REQUIRED WORK: Please give the whole listing again exactly, without any of its pictures.

Start of DATASET CONTENT

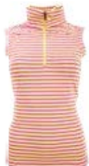
192 Hot Pink/ Lemon
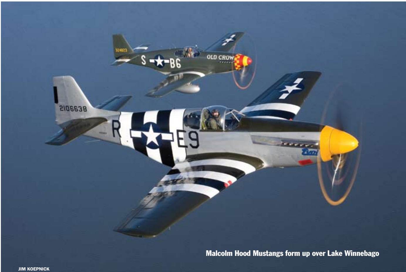
Malcolm Hood Mustangs form up over Lake Winnebago
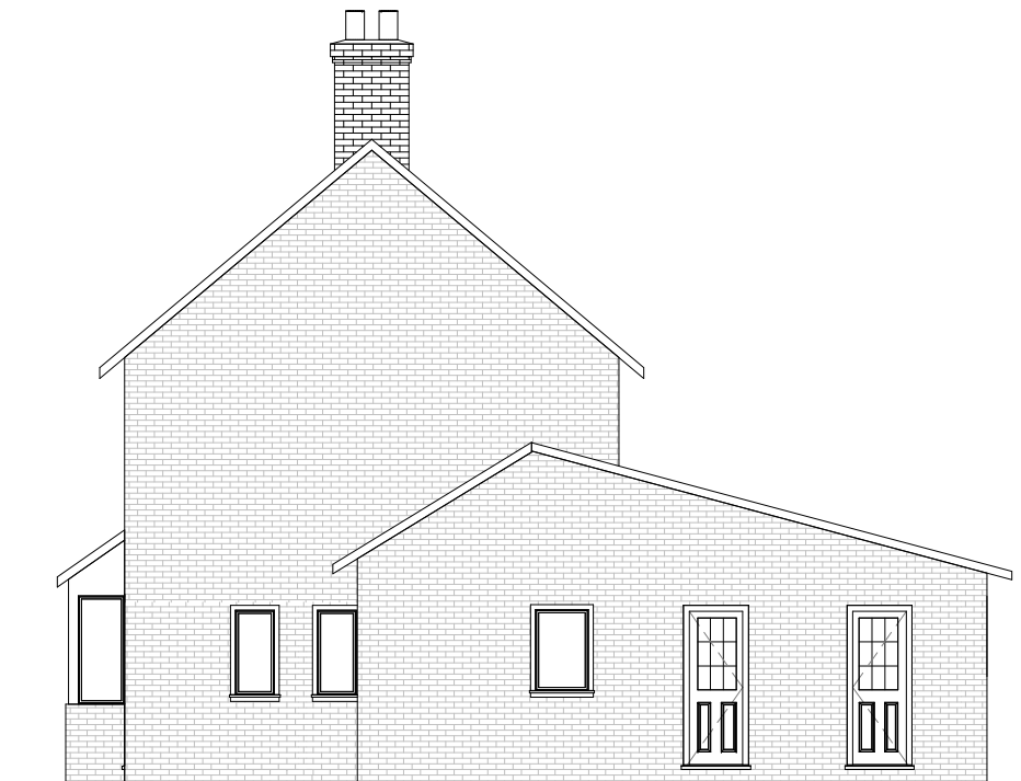
04/204 - EXISTING RIGHT ELEVATION 1: 100
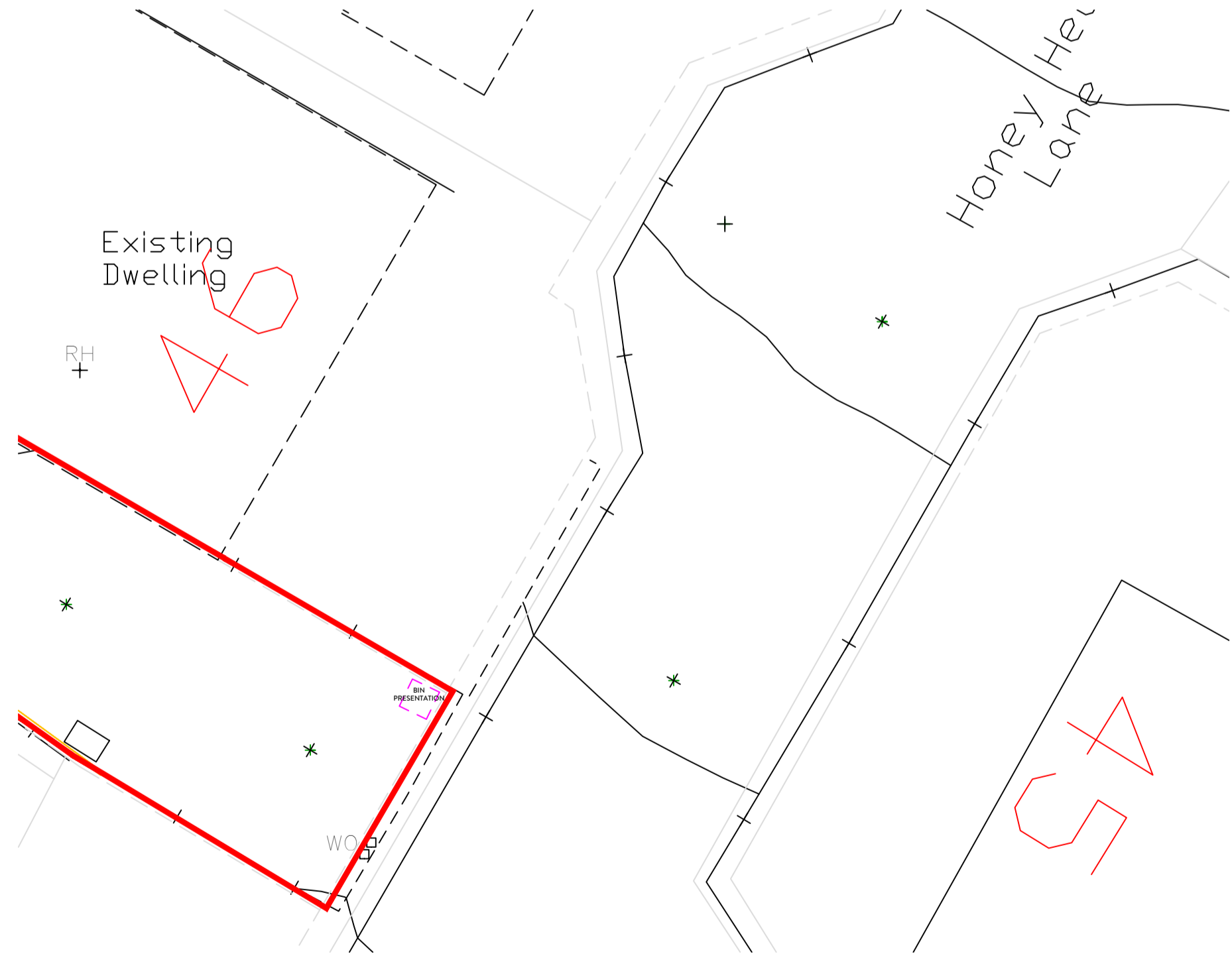
PLOT TWO BIN COLLECTION. 1:100

End of DATASET CONTENT

SOLUTION FOR THIS TASK:
192 Hot Pink/ Lemon
Malcolm Hood Mustangs form up over Lake Winnebago
04/204 - EXISTING RIGHT ELEVATION 1: 100
PLOT TWO BIN COLLECTION. 1:100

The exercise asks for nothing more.